Le groupe de Blasco au CNIO a déjà montré que les télomères courts sont à l’origine d’autres maladies liées à l’âge, comme la fibrose pulmonaire.
Pour déterminer si la même chose se produit avec la fibrose rénale, ils ont travaillé avec un modèle animal qui reproduit ce qui, selon leur hypothèse, se produit chez les personnes âgées atteintes de fibrose pulmonaire: une souris avec des télomères courts qui est également exposée à de faibles doses d’une toxine rénale qui imite l’exposition des personnes aux dommages environnementaux tout au long de leur vie.
Les télomères sont des protéines qui protègent les extrémités des chromosomes lorsqu’une cellule se divise, ce qui se produit plusieurs fois au cours de la vie pour – entre autres choses – régénérer les tissus. À chaque division cellulaire, les télomères deviennent plus courts jusqu’à ce qu’ils soient si courts qu’ils ne peuvent plus protéger les chromosomes. Les cellules endommagées de cette manière cessent de se diviser et les tissus vieillissent.
Souris imitant la maladie humaine
Dans cette étude, les chercheurs ont observé que le raccourcissement des télomères à lui seul ne suffit pas à provoquer une fibrose rénale, ce qui est prévisible car la maladie n’affecte pas 100% des personnes âgées. Cependant, si des souris avec des télomères courts étaient exposées à de faibles doses d’une toxine rénale, elles développaient une fibrose rénale. «Les souris ont reproduit tous les symptômes de la maladie humaine», explique Blasco.
La toxine administrée – l’acide folique – « n’est pas suffisante pour induire la fibrose chez les souris saines, mais elle agit en synergie avec les télomères courts », explique l’article.
Pour déterminer si les télomères jouent effectivement un rôle causal dans la maladie, les chercheurs ont créé un modèle de souris dépourvu de Trf1, une protéine essentielle à la fonction des télomères. Ces souris atteintes de télomères dysfonctionnels ont également développé une fibrose rénale, « soulignant l’importance d’une fonction télomère appropriée dans la protection contre la fibrose rénale », écrivent les auteurs.
Télomères courts qui modifient l’expression des gènes
Conscients que les gènes impliqués dans la transition épithéliale-mésenchymateuse sont surexprimés chez les patients atteints d’insuffisance rénale, les auteurs ont étudié l’expression de ces gènes chez des souris avec des télomères courts.

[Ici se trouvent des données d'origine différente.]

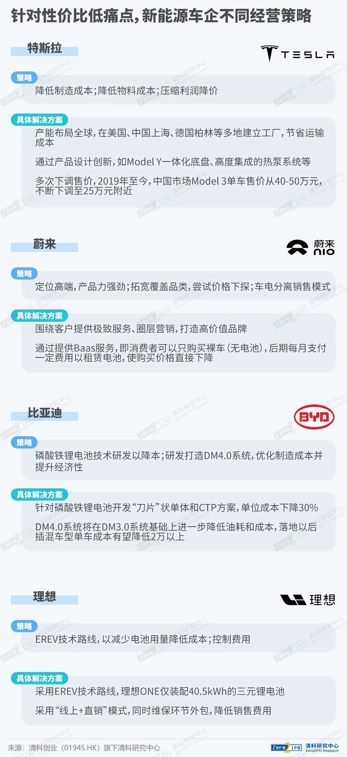 04、代表性车企通过不同经营策略,解决或缓和性价比弱、里程焦虑的行业痛点问题
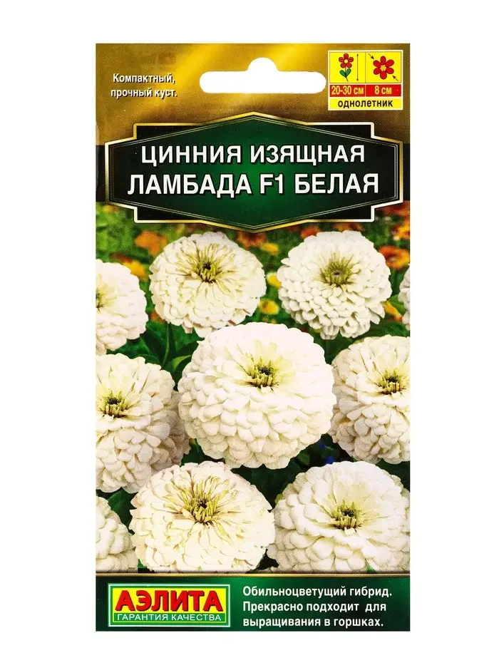 Семена цветов Цинния Ламбада F1 белая Золотая серия, Ц/П,12 шт.
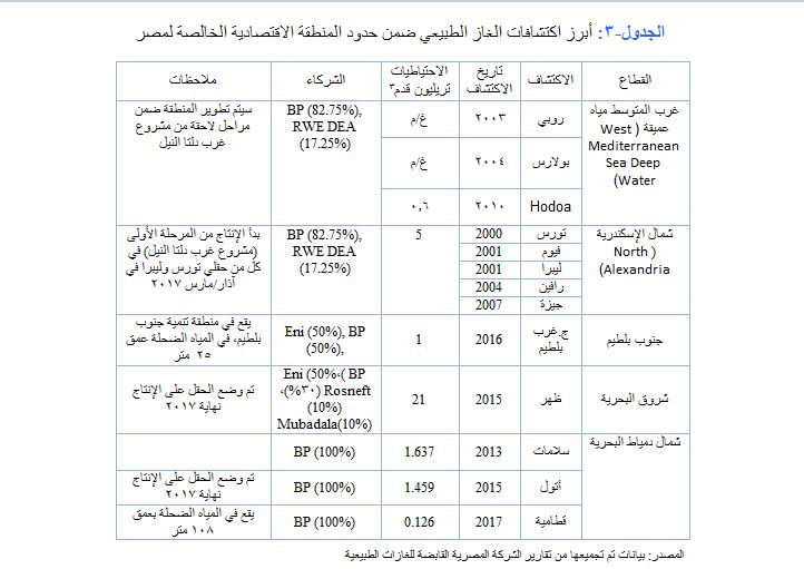 الجدول-3: أبرز اكتشافات الغاز الطبيعي ضمن حدود المنطقة الاقتصادية الخالصة لمصر
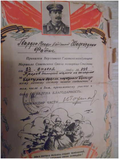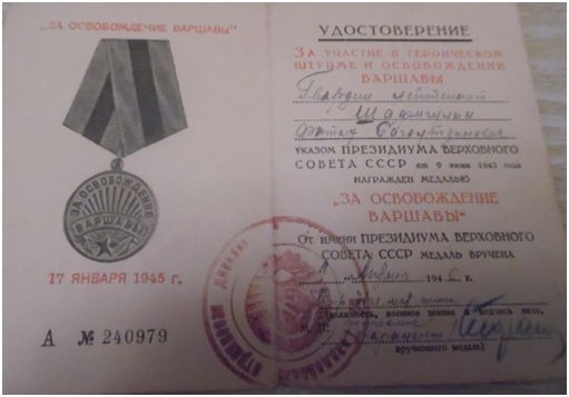 Награжден орденом Красная Звезда, медалью «За оборону Ленинграда», медалью «За освобождение Варшавы», «За взятие Берлина», орденом Отечественной войны II степени и медалью «В память 300-летия Санкта – Петербурга».
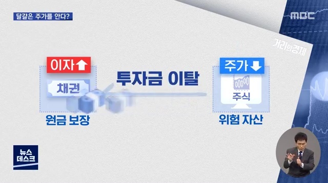 원금을 보장하는 채권이 더 많은 이자를 지급하기 때문에 위험자산인 주식보다 채권으로 돈이 몰리게 되는 것입니다. 따라서 주가와 채권금리는 N 극과 S 극이라고 표현하기도 합니다. 이것이 주식투자를 할 때 채권금리를 주의 깊게 봐야 하는 이유입니다.

Effectivement, « nous avons constaté que les télomères courts induisent des changements dans l’expression des gènes impliqués dans l’EMT. »
En guise de démonstration finale de l’importance des télomères dans la fibrose rénale, les auteurs ont cultivé des cellules rénales dans lesquelles ils ont exprimé le gène de l’enzyme télomérase, qui allonge les télomères. Dans ces cellules avec des télomères restaurés, le programme de transition épithéliale-mésenchymateuse est revenu à la normale, et les cellules ont retrouvé leur apparence saine et pré-fibrose.
« Comme les télomères courts s’accumulent avec le vieillissement dans l’organisme, il est tentant de supposer que les programmes d’EMT pathologiques associés au vieillissement, tels que le cancer et différents types de fibrose tissulaire, peuvent être causés au moins en partie par la présence de télomères courts », concluent les auteurs.
Selon Saraswati, « compte tenu de l’implication significative de la fibrose dans le cancer, il est important de décrire l’origine de la fibrose rénale et de la corréler avec la présence de télomères courts. »
La source:
Centro Nacional de Investigaciones Oncológicas (CNIO)
Référence du journal:
Saraswati, S., et al. (2021) Les télomères courts et dysfonctionnels sensibilisent les reins au développement de la fibrose. Vieillissement de la nature. doi.org/10.1038/s43587-021-00040-8.